Et l'illusion cessa. 

La somptueuse auberge dans laquelle ils avaient cru pouvoir passer la nuit s'était changée en un manoir en ruine, et l'escalier qu'ils grimpaient à présent était à moitié délabré, semblant peiner à supporter le poids de leur passage. 

"Vite, dépêchons-nous, je sens que le pire est encore à venir," lacha Eshin alors qu'ils foncaient vers l'étage. 

 

   

         
 

 

"La masure semble en ruine, vous pensez que la Princesse aurait pu venir s'abriter ici ? 
- Je l'ignore. Elle est un peu... imprévisible, parfois. 
- Vous la connaissez depuis longtemps ? 
- Depuis un certain nombre d'années en effet. Elle et moi avons fréquenté les mêmes écoles impériales. 
- Vous voulez dire que vous avez été à l'Académie Impériale ? 
- Oui. Ma famille est relativement influente, et je n'ai pas pu y échapper. 
- Vous dites cela comme si c'était un fardeau. J'aurai personnellement tout donné pour devenir un Disciple de l'Ecole d'Escrime Impériale... 
- Détrompez-vous, ce n'est pas la raison pour laquelle je n'ai pas apprécié mon séjour là-bas. 
- Pourquoi alors ? 
- Mon père souhaitait que je suive la Voie du Sabre, alors que mes inspirations personnelles m'ont toujours poussé du côté de la Magie. 
- Je comprends votre tiraillement. Qu'avez-vous choisi, au final ? 
- Hum, j'ai entendu du bruit." 

Ils se tournèrent dans un même mouvement vers un bosquet d'arbres au tronc noir et tourmenté. Les yeux de Ryu s'étrécirent. 

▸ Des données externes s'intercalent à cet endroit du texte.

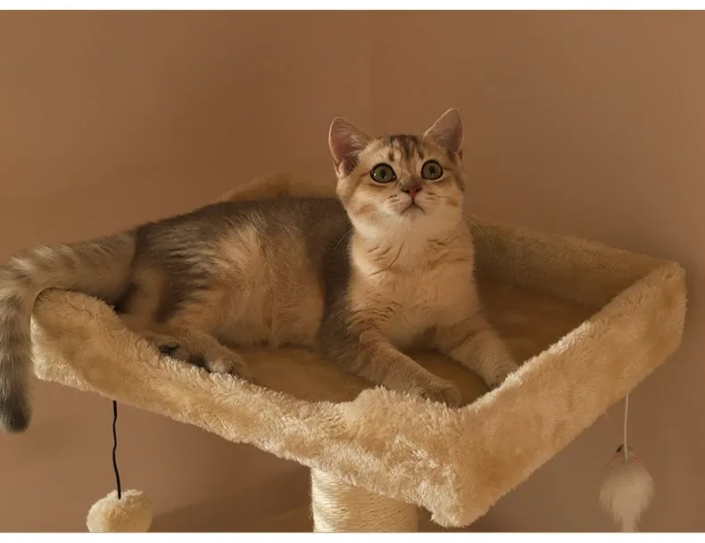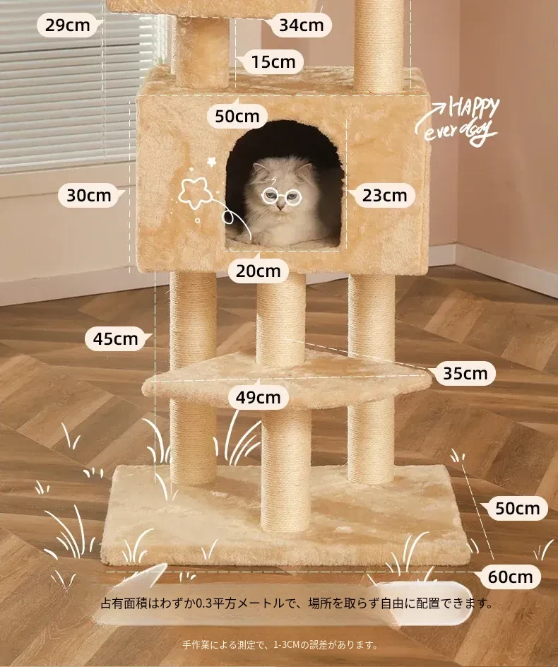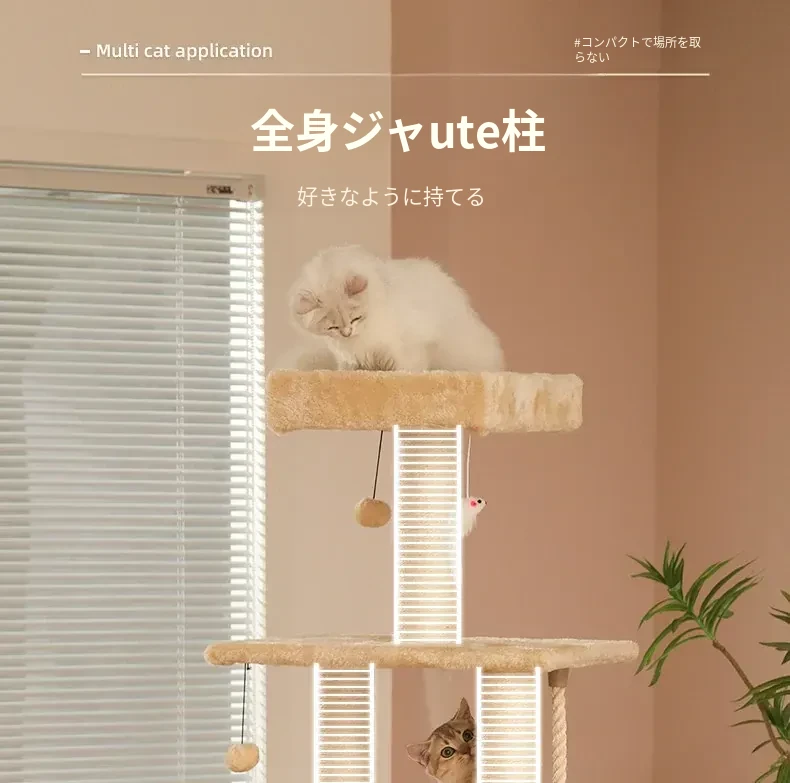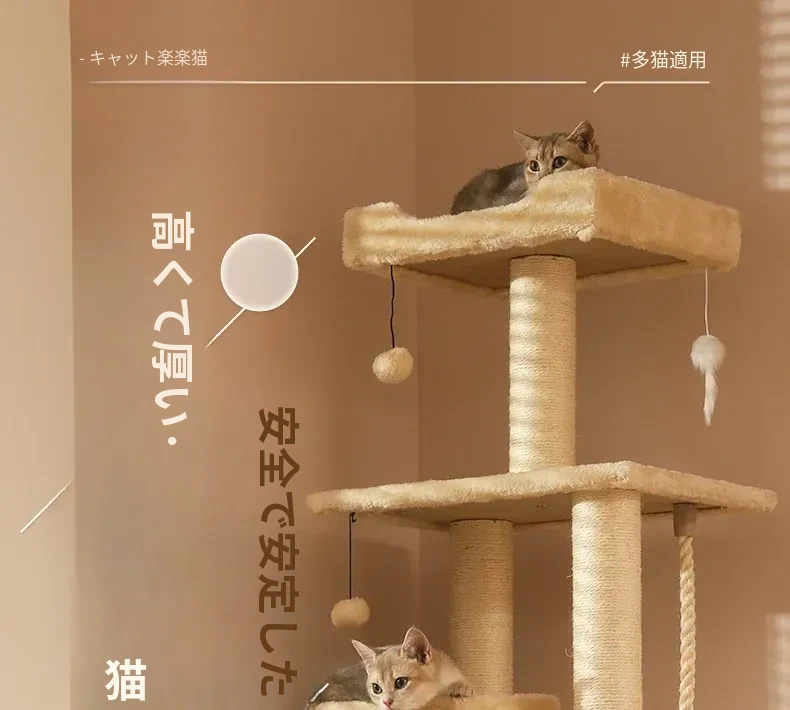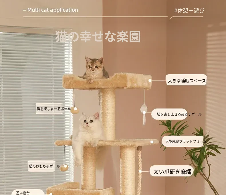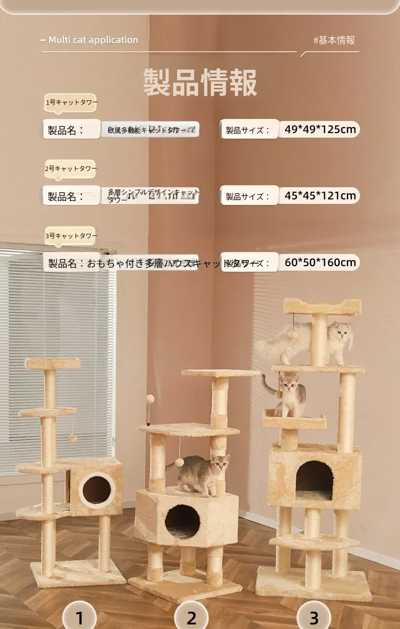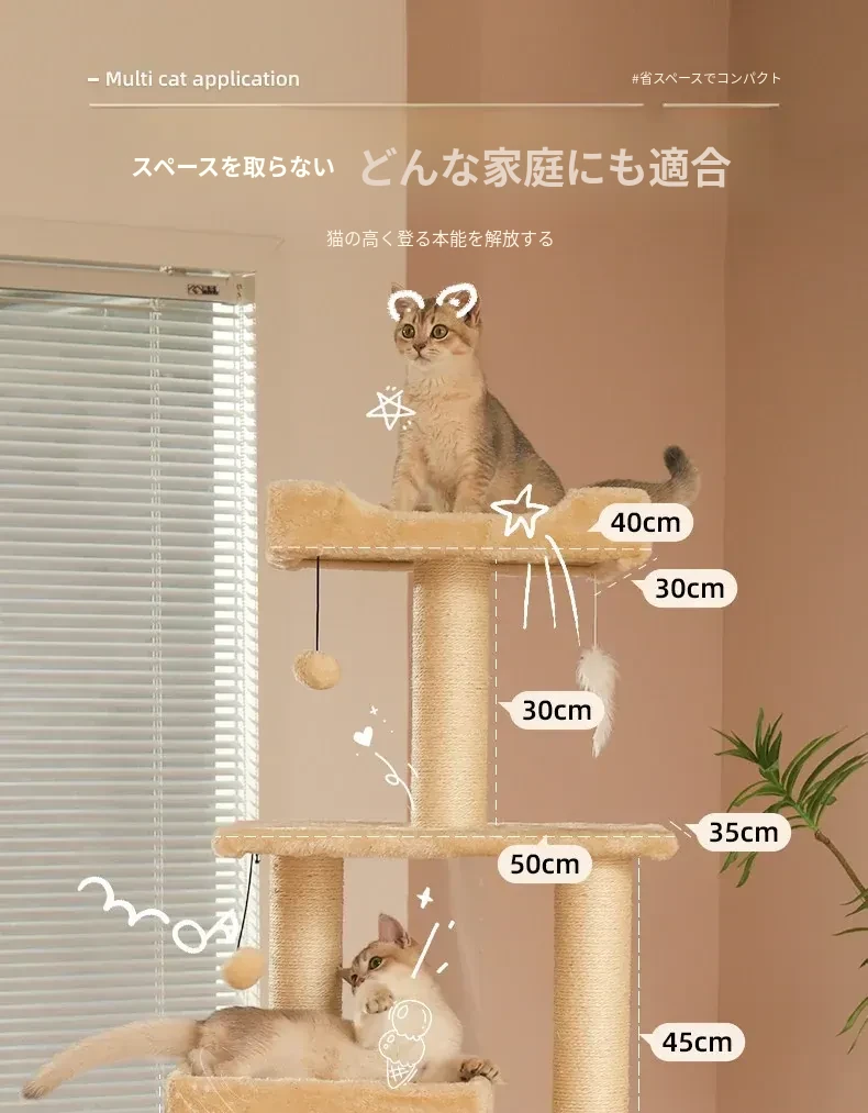 キャットタワー&キャットハウス一体型!おしゃれで機能的な大容量キャットツリー、愛猫のための快適な遊び場。高い爪研ぎポール付きで、元気な猫ちゃんも大満足!家庭用に最適な大型キャットフレームです。

"Il y a effectivement quelque chose, cachée dans ces arbres. Elle nous observe." 

Le samourai s'avanca, et dégaina ses deux sabres, se préparant à un possible assaut. Soudain les arbres se mirent en mouvement, leurs branches comme secouées de spasmes. Mitsunaga recula d'un pas, alors que les branches des arbres noirs fouettaient l'air avec sauvagerie. 

"Je sens une influence démoniaque, Ryu, méfiez-vous ! 
- N'ayez crainte. Nul démon n'aura raison de moi." 

Soudain, une étrange créature à la chair noire et gluante s'arracha du tronc d'un des arbres, s'élancant en poussant un cri sauvage sur Ryu. Celui-ci, bien campé sur ses jambes, vit foncer sur lui la chose monstrueuse, puis, au dernier moment, frappa de son sabre droit, puis entama une série de coups qui l'amenèrent à découper littéralement le démon en multiples tranches. 

La chair noire du démon retomba par paquets sur le sol recouvert de gravier noir, dans un bruit flasque, comme des fruits trops mûrs. 

Brusquement, un cri de femme s'éleva de l'intérieur de la masure en ruine. Les deux hommes se tournèrent d'un geste, et foncèrent vers l'intérieur de la construction, Mitsunaga ayant dégainé son large cimeterre. L'arme luit d'un éclat mystique alors qu'ils s'engagèrent à l'interieur... 

 

   
         
 

 

"Reveille-toi, Takashi ! réveille-toi ! 
- Grmph. " 

La voie du médecin ne dissimulait pas sa peur, et il se mit à secouer son ami, encore endormi dans son futon. 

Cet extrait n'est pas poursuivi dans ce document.